How can I make hundreds of simultaneously running processes communicate with a database through one
- by Olfan
Long speech short: How can I make hundreds of simultaneously running processes communicate with a database through one or few permanent sessions?
The whole story:
I once built a number crunching engine that handles vast amounts of large data files by forking off one child after another giving each a small number of files to work on. File locking, progress monitoring and result propagation happen in an Oracle database which all (sub-)processes access at various times using an application-specific module which encapsulates DBI.
This worked well at first, but now with higher volumes of input data, the number of database sessions (one per child, and they can be very short-lived) constantly being opened and closed is becoming an issue. I now want to centralise database access so that there are only one or few fixed database sessions which handle all database access for all the (sub-)processes. The presence of the database abstraction module should make the changes easy because the function calls in the worker instances can stay the same. My problem is that I cannot think of a suitable way to enhance said module in order to establish communication between all the processes and the database connector(s).

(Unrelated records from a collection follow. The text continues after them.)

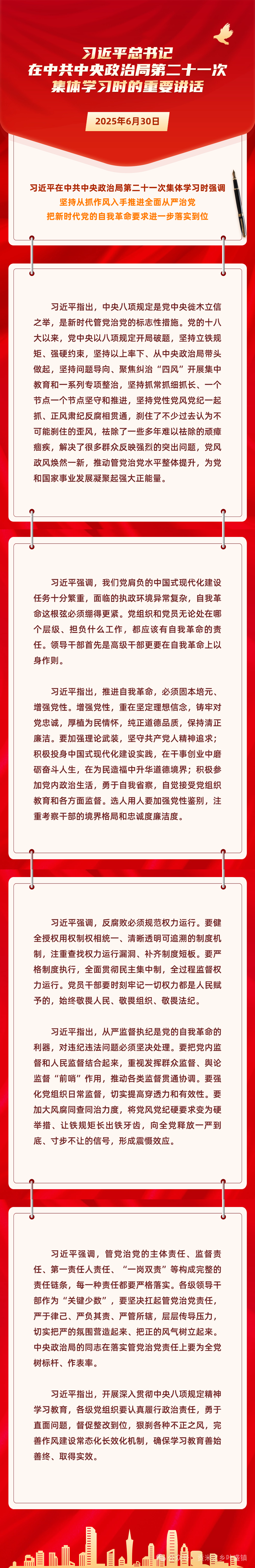 中共中央政治局6月30日下午就健全落實中央八項規(guī)定精神、糾治“四風”長效機制進行第二十一次集體學習。中共中央總書記習近平代表黨中央,向全國廣大共產(chǎn)黨員致以“七一”的節(jié)日問候!他在主持學習時強調(diào),自我革命是我們黨跳出治亂興衰歷史周期率的第二個答案,從抓作風入手推進全面從嚴治黨是新時代黨的自我革命一條重要經(jīng)驗。推進黨的自我革命,要在提高認識、增強黨性、規(guī)范權(quán)力運行、從嚴監(jiān)督執(zhí)紀、履行管黨治黨責任等方面進一步落實到位。
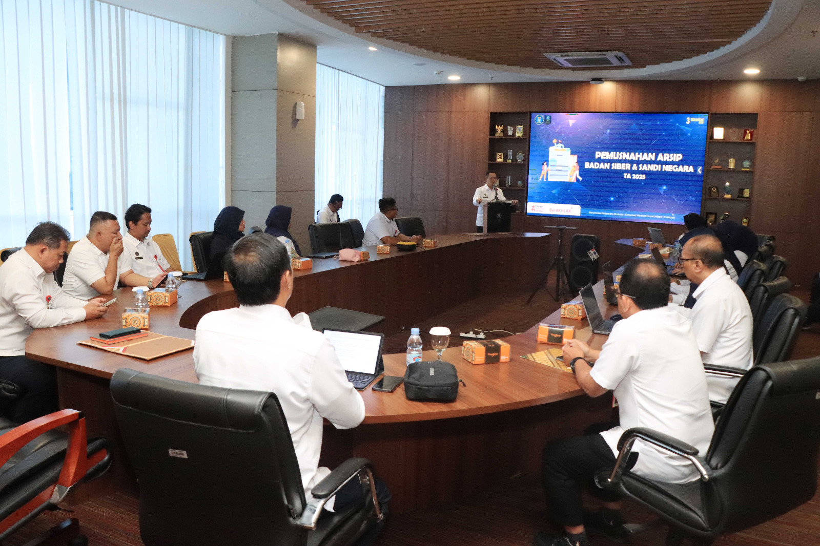 Selanjutnya sambutan Kepala Biro Hukum dan Komunikasi Publik Brigjen TNI Berty BW Sumakud, SH., MH. menyampaikan kegiatan ini merupakan wujud komitmen bersama dalam menjaga akuntabilitas, transparansi, dan tata kelola arsip yang baik sesuai dengan Undang-Undang Nomor 43 Tahun 2009 tentang Kearsipan. “Arsip yang dimusnahkan telah melalui proses penilaian dan verifikasi sesuai dengan peraturan Jadwal Retensi Arsip yang berlaku di BSSN, sehingga pemusnahan ini dilakukan secara sah, aman, dan bertanggung jawab”.
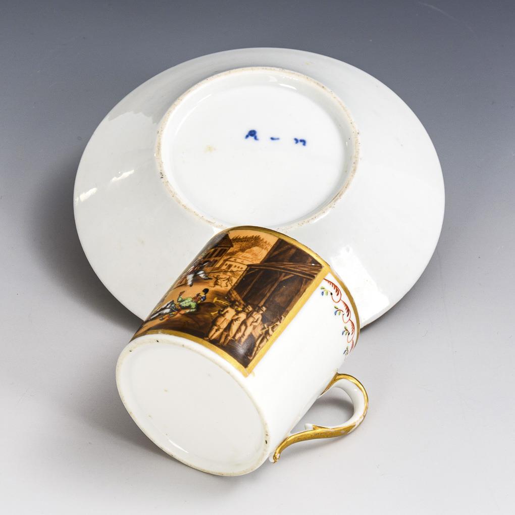 Polychrom bemalt, goldstaffiert. Tasse (H 6 cm), originale Untertasse (Ø 13,5 cm).
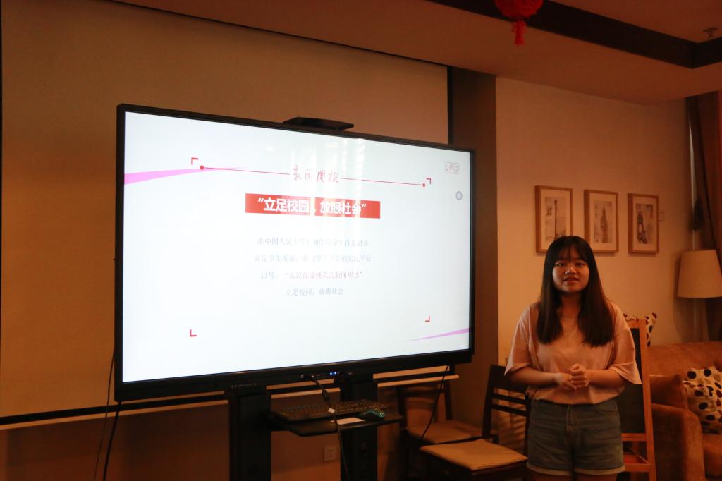 《青年人大》和《新闻周报》作为人大校园内的老牌校园媒体,关注的话题涉及校园生活的各个方面,近年来也在不断尝试对一些社会热点话题做出属于自己的回应。《青年人大》现任副总编卢雨涵同学和《新闻周报》现任社长杨瑾同学分享了如何抓住重点栏目、积极回应热点以及如何适应新媒体环境变化的有益经验。

I thought of message queueing, but couldn't come up with a way of connecting a large herd of requestors with one or few database connectors in a way so that bidirectional communication is possible (for collecting the query result).

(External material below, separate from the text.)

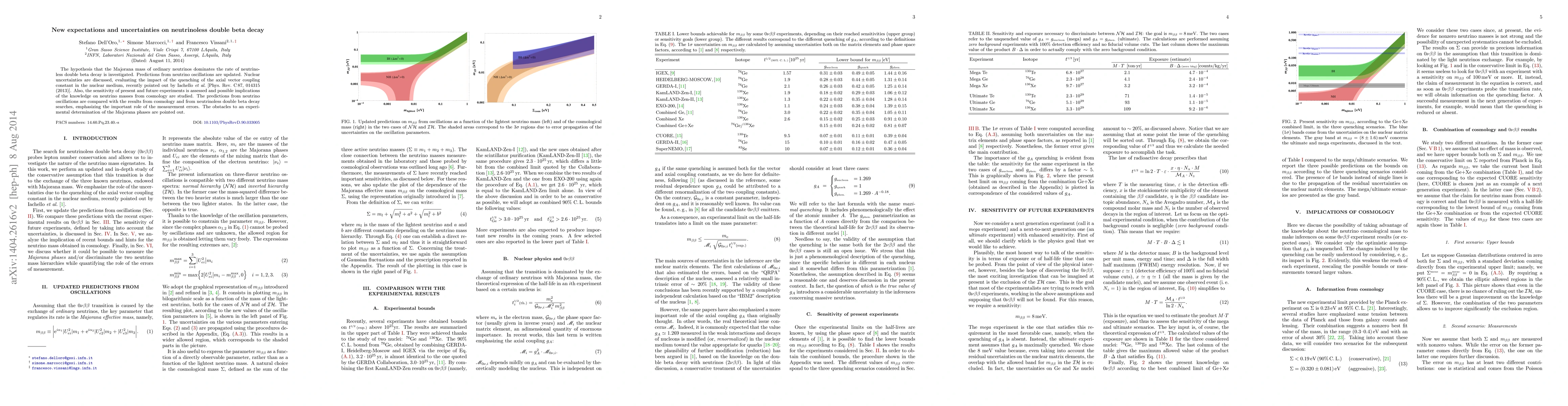 This paper investigates the hypothesis that Majorana neutrinos' mass governs neutrinoless double beta decay, updating predictions from neutrino oscillations and discussing nuclear uncertainties, especially the quenching of the axial vector coupling constant. It assesses the sensitivity of current and future experiments and explores the implications of cosmological neutrino mass measurements.
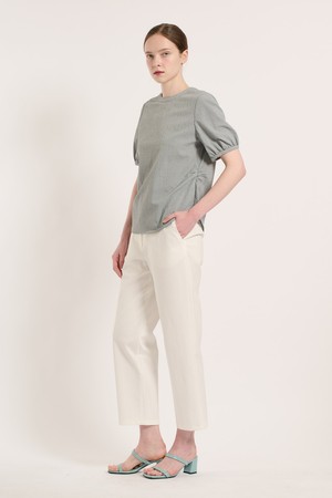 [25SU] 체크 패턴 라운드넥 반소매 블라우스 - LIGHT GRAY B5M3B47215

An asynchronous approach could help here in that all requests are written to the same queue and the database connector servicing the request will "call back" to submit the result. But my mind fails me in generating an image clear enough so that I can paint into code.
Threading instead of forking might have given me an easier start, but this would now require massive changes to the code base that I'm not prepared to do to a live system.
The more I think of it, the more the base idea looks like a pre-forked web server to me only that it doesn't serve web pages but database queries. Any ideas on what to dig into, and where? Sample (pseudo) code to inspire me, links to possibly related articles, ready solutions on CPAN maybe?